スターシップ “タウルス”の罪
外宇宙での任務を終えたスターシップ:“タウルス”の乗員36名は、紛れもなく全人類の英雄であった。
埋設型核機雷により小惑星“Nut”の軌道を変え、地球への衝突を回避した彼らは、任務の達成ばかりではなく困難とも言える復路の帰還にも成功した。しかし、凱旋パレードの後で国連の医療チームは彼らに顕著な精神ストレスの兆候を見てとった。それは単に、最初、長期の航行によるPTSDに似た症状であると判断された。時間と、薬物療法がその傷を癒すだろうと。しかしタウルスの乗員が次々と不審な死を遂げ始めると、チームは本腰をあげて彼らのケアに努めるようになった。“タウルス”の帰還から2年後にイン・ダー船長が自宅で排ガスを用いた自死を遂げると、世論の中には彼らが一時的に地球側からの通信観測が不可能となる“X領域”で何らかの脅威と接触したのだと唱える者まで現れた。
しかし、続く18回目のカウンセリングで、遂に“タウルス”乗員の1人が口を開いた。
彼が医療チームに語った内容はこうだ。
彼らは任務開始から+73日目、“X領域”内の軌道上に不審なビーコンを探知した。それは、先の同様の任務で小惑星“Nut”に向かっている途中でロストした、スターシップ:“クレリック・インターフェロン-201(ツー・オー・ワン)”だった(以下、CI-201と呼称)。
受信された通信によると、その時、CI-201の乗員48名はまだ生きていた。
CI-201にドッキングし、乗員を救い出すことは可能だった。タウルスの循環生態システムは全員分の安全な空気と水を賄え、食料にも余剰があった。タウルスがドッキングしなかったのは、単に確率の問題だった。CI-201の乗員を助けることで脅かされる、任務の達成確率。それは、現状より-0.8%のリスクをとるものだった。
これが、スターシップ:“タウルス”の罪だった。
目の前に漂う48名の命と、コンピュータがはじき出した全人類の生存への-0.8%のリスク。タウルス乗員は全会一致で、CI-201を見捨てた。信号には応答せず、その横を通り抜け、人類史にとってのK-pg境界を引き起こしうる小惑星を破壊しに向かったのだ。
それが、事件の真相だった。
タウルスの乗員36名は、結局、誰も長生きしなかった。
彼らは地球を救うのに十分な“冷静な”宇宙飛行士であり、しかし同時に、この事件を忘れられるほどに“冷酷な”宇宙飛行士ではなかったのだ。
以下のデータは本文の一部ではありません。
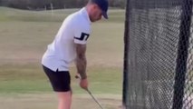 Golf swing gone wrong as player gets hit below the belt by rebounding ball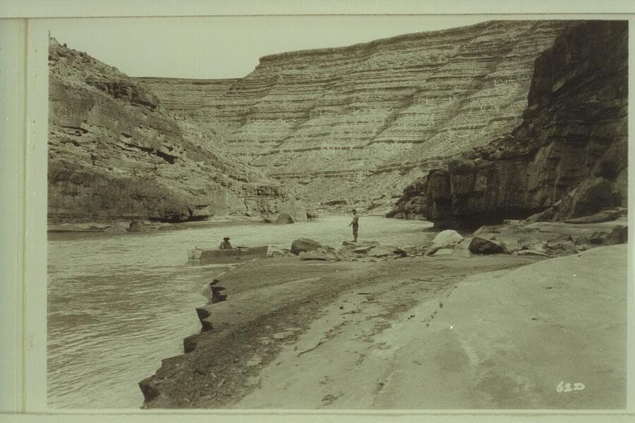 Nevills run from Sand Island to Mexican Hat; San Juan River. The punt bears the name "Nevills" on the stern. Upstream from near head of gorge

もちろん、このタウルス乗員の帰還後の死亡率は、過酷な外宇宙への航行が身体に不可逆のダメージを与えたからだともされた。しかし、以下のデータがそれを反証する。タウルス乗員の内、28名は帰還後1ヶ月〜4年の間に自殺している。地球の誰も(恐らくCI-201の乗員でさえ)、きっと彼らを責めなかっただろうにも関わらず。
フロリダにある航空宇宙博物館には、今は任務を終えた“タウルス”が眠っている。子供たちは入場ゲートからすぐのところに飾られた日の光を弾くタウルスを、眩しそうな目で見上げている。そんな光景を尻目に私はふと思う。きっと真の意味でタウルスも、その乗員たちも、“還って”はこれなかったのだと。
“クレリック・インターフェロン-201”と共に、“タウルス”は、あのX領域に囚われてしまったのだと。